The issue relates to a malicious video that allows hackers to access people’s messages simply by sharing the MP4 file across WhatsApp. The Facebook-owned messaging app fixed the bug earlier this week – but anyone who has not downloaded the latest update remains vulnerable to the hack.
India’s Computer Emergency Response Team (CERT-In) posted an advisory outlining the “high” severity of the threat, warning that it “could be exploited by a remote attacker” at any time.
The security agency issued the advisory after the Indian government said it is empowered to “intercept, monitor or decrypt... any information generated, transmitted, received, or stored” on the phones or devices of its citizens.
On Tuesday, Minister of State for Home Affairs Kishan Reddy cited the Information Technology Act of 2000 when justifying the state’s surveillance policy.
Earlier this month, 19 activists, journalists and politicians in India revealed that their WhatsApp accounts had been targeted. They were among 1,400 people around the world to receive a message warning that their digital communications may have been compromised.

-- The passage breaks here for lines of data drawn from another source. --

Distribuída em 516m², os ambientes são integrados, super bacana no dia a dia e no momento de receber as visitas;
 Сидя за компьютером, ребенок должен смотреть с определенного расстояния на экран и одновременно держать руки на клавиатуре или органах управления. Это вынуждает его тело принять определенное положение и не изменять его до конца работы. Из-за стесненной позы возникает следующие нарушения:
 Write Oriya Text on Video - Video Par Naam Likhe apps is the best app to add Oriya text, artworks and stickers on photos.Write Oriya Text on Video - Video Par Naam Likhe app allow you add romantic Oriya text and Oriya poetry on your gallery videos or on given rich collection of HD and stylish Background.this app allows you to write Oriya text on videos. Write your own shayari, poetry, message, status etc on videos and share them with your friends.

“In May we stopped an attack where an advanced cyber actor exploited our video calling to install malware on user devices,” the message stated. “There’s a possibility this phone number was impacted, and we want to make sure you know how to keep your mobile phone secure.”
WhatsApp claims that this warning was not related to the recent discovery of the malicious video file and claimed that there is no evidence that this particular flaw has been exploited by hackers.

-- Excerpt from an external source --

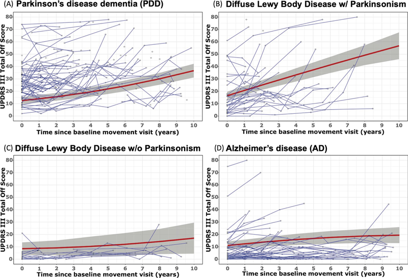 A. Immunohistochemistry for hyperphosphorylated tau showing the pathognomonic perivascular lesion. B. LH&E showing robust perivascular hemosiderin deposition in the white matter. C. LH&E demonstrating white matter rarefaction. D. Activated microglial clusters are prominent. Reproduced with modifications under the terms of the CC-BY License (http://creativecommons.org/licenses/by/4.0/). 2. Hippocampal sclerosis with TDP-43 inclusions following repetitive head impacts Hippocampal sclerosis of aging, characterized by neuronal loss and gliosis primarily in the CA1 region and occurring independently of hypoxic-ischemic injury, is prevalent in the aging population. Most cases also exhibit inclusions positive for transactive response DNA-binding protein with 43 kDa (TDP-43), a protein that, since its identification as the primary inclusion in amyotrophic lateral sclerosis (ALS) and frontotemporal lobar degeneration (FTLD), has been linked to other disorders including Alzheimer's disease (AD), limbic age-related TDP-43 encephalopathy neuropathologic change (LATE-NC), and chronic traumatic encephalopathy (CTE). The association with CTE is particularly notable and understudied, raising questions about whether these conditions represent co-morbidities or if they have synergistic effects. A study by Nicks et al. published in Acta Neuropathologica directly addresses the neuropathological association between repetitive head impacts (RHI), chronic traumatic encephalopathy (CTE), and the presence of TDP-43 inclusions and hippocampal sclerosis (HS) (Nicks et al., 2023). The researchers analyzed brain samples from 401 participants with a history of RHI and neuropathologically diagnosed CTE and compared them with 33 individuals diagnosed with HS without CTE. The study found that HS was present in 23.4 % of the CTE cases and that TDP-43 inclusions were present in 43.3 % of the CTE cases. Notably, HS in CTE occurred at a younger mean age (77 years) and was significantly associated with a longer history of contact sports exposure compared to CTE without HS. TDP-43 inclusions were frequently observed in the frontal cortex and often co-occurred with limbic TDP-43 pathology. Structural equation modeling demonstrated a significant association between years of RHI exposure and the presence of hippocampal TDP-43 inclusions through increased CTE stage. The study also showed that TDP-43 inclusions in CTE were predominantly limbic but also involved the frontal cortex, distinguishing it from typical age-related TDP-43 pathologies such as LATE-NC. The presence of TDP-43 inclusions in the hippocampus was significantly associated with HS in CTE, suggesting a pathogenic link between repetitive head impacts, CTE pathology, and the development of TDP-43 proteinopathy and HS. These findings highlight the importance of considering RHI history in the assessment of hippocampal sclerosis and suggest potential therapeutic targets for mitigating the effects of RHI on neurodegeneration. 3. Longitudinal motor decline in diffuse Lewy body disease, Parkinson’s disease with dementia, and Alzheimer’s disease Lewy bodies, a common neuropathological finding, are the hallmark of Parkinson's disease (PD) when localized to the substantia nigra, but they can progress to a diffuse pattern leading to Parkinson's disease dementia (PDD). When Lewy bodies are found in the neocortex and associated with dementia as the presenting symptom, this condition is termed diffuse Lewy body disease (DLBD). In patients with DLBD, extrapyramidal parkinsonian features may or may not develop. Lewy bodies are also seen in Alzheimer's disease (AD). However, the extent to which the rates of extrapyramidal motor decline progress in these different contexts is unclear due to the limited number of longitudinal studies with neuropathological endpoints, which are crucial for prognostication, clinical trial design, and further research. A study by Choudhury et al. published in Alzheimer’s & Dementia investigates the progression of motor deficits in dementia with Lewy bodies (DLB), Parkinson’s disease dementia (PDD), and Alzheimer’s disease dementia (AD) using data from the Arizona Study of Aging and Neurodegenerative Disorders (Choudhury et al., 2023). The study included 193 participants with autopsy-confirmed diagnoses: 98 with PDD, 48 with DLB, and 47 with AD. Within the DLB cohort, participants were further categorized into those with parkinsonism (DLB+) and without parkinsonism (DLB-). The researchers utilized the Unified Parkinson’s Disease Rating Scale (UPDRS) parts II and III to assess motor function over an eight-year period, employing non-linear mixed effects models to analyze the data. The results revealed that motor deficits progressed most rapidly in the DLB+ group, with significant worsening in gait and limb bradykinesia compared to PDD and other groups (Figure 2). The study found that baseline UPDRS-II and III scores were highest in the PDD group, followed by DLB+, AD, and DLB-. Over time, the DLB+ group showed a faster progression in UPDRS-III scores compared to PDD, driven by significant declines in gait and limb bradykinesia. The study also highlighted that the presence of parkinsonism in DLB (DLB+) was associated with more rapid motor decline than in DLB- or AD, emphasizing the importance of recognizing and monitoring these symptoms for better clinical management and prognostication. The findings underscore the need for targeted interventions to address motor deficits and suggest that patients may benefit from specific therapeutic strategies aimed at mitigating motor decline. The research provides valuable insights into the differential progression of motor impairments in neurodegenerative dementias, with implications for clinical trial design and patient care. Figure 2: UPDRS-III total scores during off stage examination for each participant and their trajectories for groups

The messaging app says that these users were instead targeted with spyware developed by controversial Israeli technology firm NSO Group.
“WhatsApp is constantly working to improve the security of our service,” a spokesperson told The Independent.
“We make public reports on potential issues we have fixed consistent with industry best practices. In this instance, there is no reason to believe that users were impacted.”